La rinuncia alla giovinezza:non sono io che rinuncio alle persone e alle cose (non lo potrei) sono le cose e le persone che rinunciano a me.La mia giovinezza mi sfugge: essere malati è questo.

La malattia è un convento con la sua regola, la sua ascesi, i suoi silenzi e le sue ispirazioni.

In autunno quel paesaggio s'infiora di foglie, i ciliegi diventano rossi, gli aceri gialli... i faggi si coprono di bronzo....
Al mattino tutto è coperto di brina, il cielo risplende dietro le ghirlande... piccoli crepitii come sospiri dell'albero, brina che cade al suolo con un rumore d' insetti bianchi gettati gli uni sugli altri...intorno le vali e le colline svaniscono in vapori...

la sensazione della morte che mi è familiare:senza il sostegno del dolore. il dolore aggrappa al presente, esige la lotta che occupa.ma sentire la morte alla semplice vista di un fazzoletto inzuppato di sangue, significa piombare senza sforzo nel tempo in modo vertiginoso: è il terrore del divenire.

Dicembre: questo cuore pieno di lacrime e di notte...

la fine si un giorno freddo, i crepuscoli di ombre e di ghiaccio....più di quanto io possa sopportare....

Simone Weil dice: non sia arriva alla verità senza essere passati per il proprio annientamento: senza aver soggiornato a lungo in uno stato di totale ed strema umiliazione

Quei momenti in cui ci si abbandona alla sofferenza come si fa con il dolore fisico: stesi, immobili,senza volontà , nè avvenire, ad ascoltare soltanto le lunghe fitte del male....

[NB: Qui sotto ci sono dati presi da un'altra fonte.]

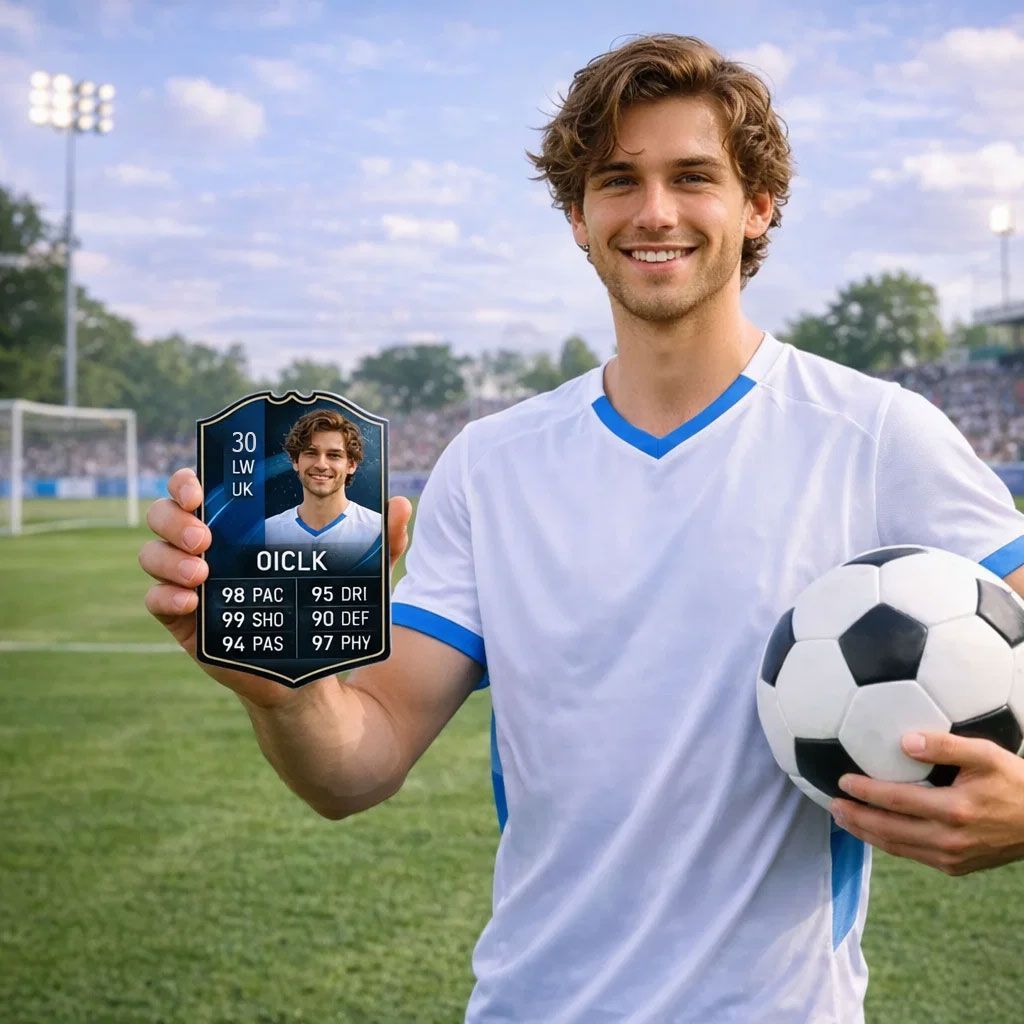 Design della carta del giocatore in stile FIFA: Ricodiando saldamente il layout classico di una scheda giocatore di gioco di calcio, rifinita con una trama sfumata blue-gold e una forma di scudo, questo design porta "passione di calcio e gloria personale" alla vita come ricordo alla moda-pieno di energia esports e stile atletico.

prigioniero della caverna, eccomi solo di fronte all'ombra del mondo.
Pomeriggio di gennaio, ma il freddo rimane dietro, nell'aria....chi sono e cosa posso fare,se non entrare in quel gioco di fronde e di luci.essere questo raggio di sole in cui si consuma la mia sigaretta, questa dolcezza, questa passione discreta che respira nell'aria.
la vita è breve e perdere il proprio tempo è peccato.
io il mio lo perdo continuamente e gli altri mi credono estremamente attivo...se ancora mi soffoca un senso di angoscia, esso consiste nel sentire che quest'attimo impalpabile mi scivola fra le dita come le perle del mercurio.... di questo mondo è il mio regno: una nube che passa e un istante che si spegne:la morte di me per me stesso

Questa sofferenza mi inebria perchè è questo sole e queste ombre, questo caldo e questo freddo che si sente in lontananza nel fondo stesso dell'aria

Non bisogna perdere la speranza di essere ancora vivi nella propria giovinezza.il giorno in cui i fiori rinasceranno finalmente dalle rovine.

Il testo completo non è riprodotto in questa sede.